Supplied material:
# # # # # # #

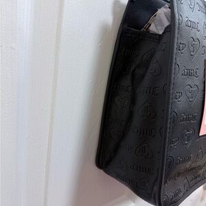 Chic black tote with embossed Juicy Couture design. Features elegant silver-tone logo detail.
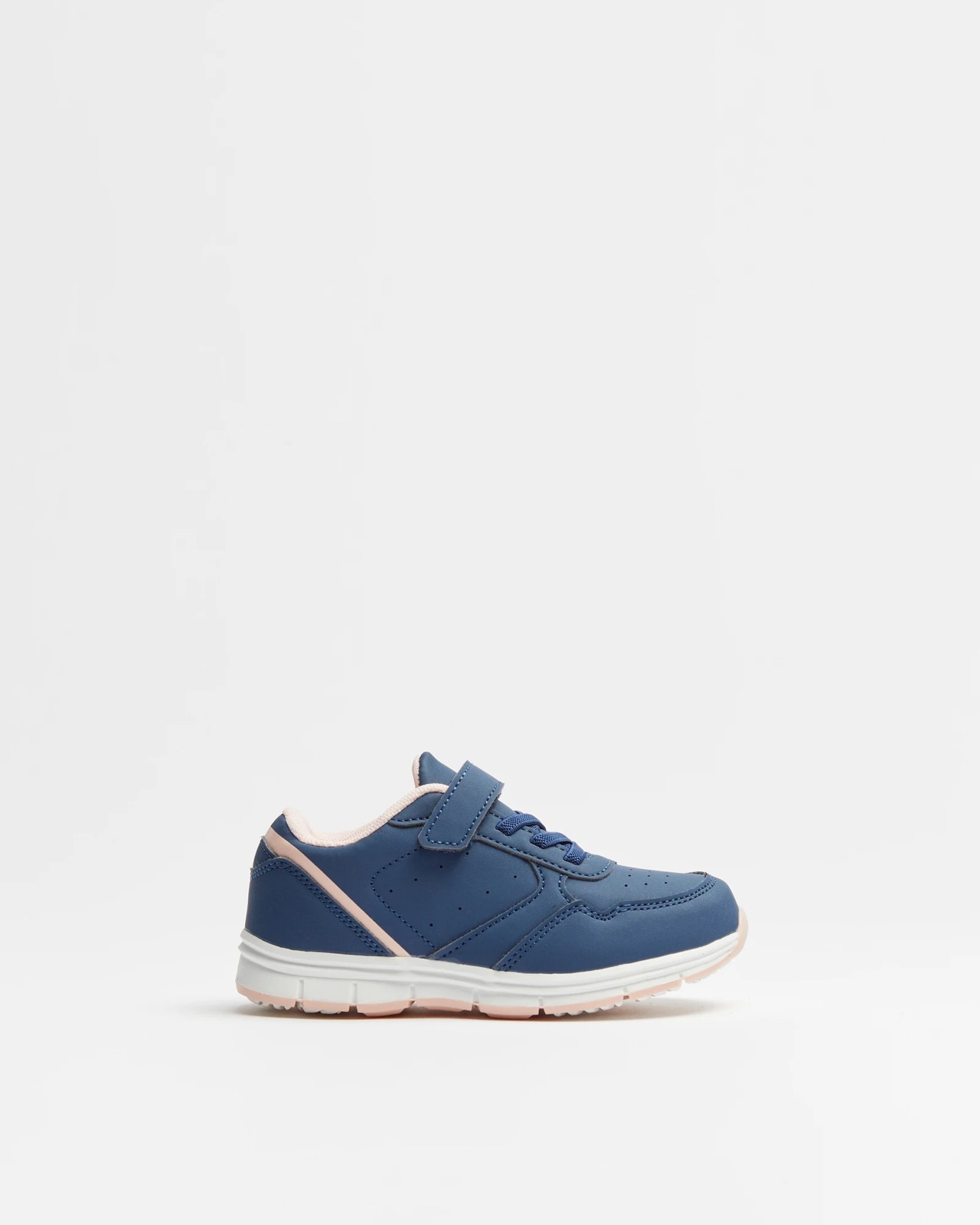 Step into comfort and style with our Girls Junior Sneakers. Made with a chic synthetic leather-look upper, these sneakers offer a fashionable round-toe design and easy three-eyelet elastic laces paired with a convenient fastening strap. The padded footbed and collar ensure all-day comfort. Perfect for active days, these sneakers blend fashion and function effortlessly. Grab a pair today and let her step out in style!
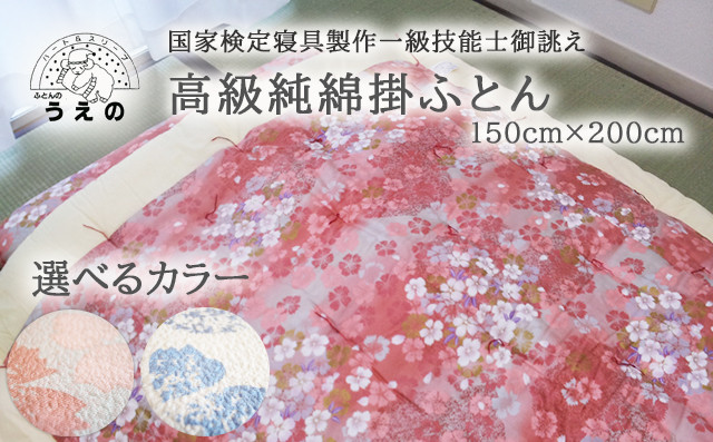 カラーが選べる!とても暖かく掛けごこちの良いお布団 国家検定寝具製作一級技能士御誂え 高級純綿掛ふとん(ピンク・ブルー)
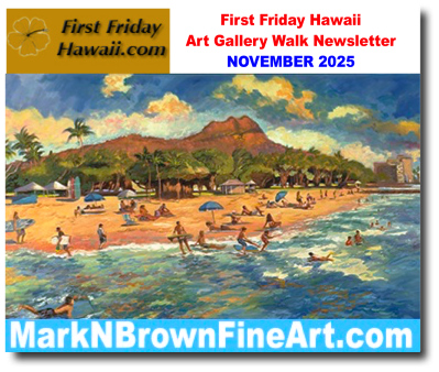 The First First Friday Honolulu Art Gallery Walk is tonight - November 7th, 2025 (see details below). Come on down to Chinatown/Downtown from 5:00 pm to 9:00 pm (with after hour activities until 2:00 am) and visit the galleries and merchants and enjoy their impressive array of exhibits and events.

# # # # # # #

Activity:
Restate the data word for word from its first line through the line with "カラーが選べる!とても暖かく掛けごこちの良いお布団 国家検定寝具製作一級技能士御誂え 高級純綿掛ふとん(ピンク・ブルー)", leaving out any picture along the way.

Finished task:
 Chic black tote with embossed Juicy Couture design. Features elegant silver-tone logo detail.
 Step into comfort and style with our Girls Junior Sneakers. Made with a chic synthetic leather-look upper, these sneakers offer a fashionable round-toe design and easy three-eyelet elastic laces paired with a convenient fastening strap. The padded footbed and collar ensure all-day comfort. Perfect for active days, these sneakers blend fashion and function effortlessly. Grab a pair today and let her step out in style!
 カラーが選べる!とても暖かく掛けごこちの良いお布団 国家検定寝具製作一級技能士御誂え 高級純綿掛ふとん(ピンク・ブルー)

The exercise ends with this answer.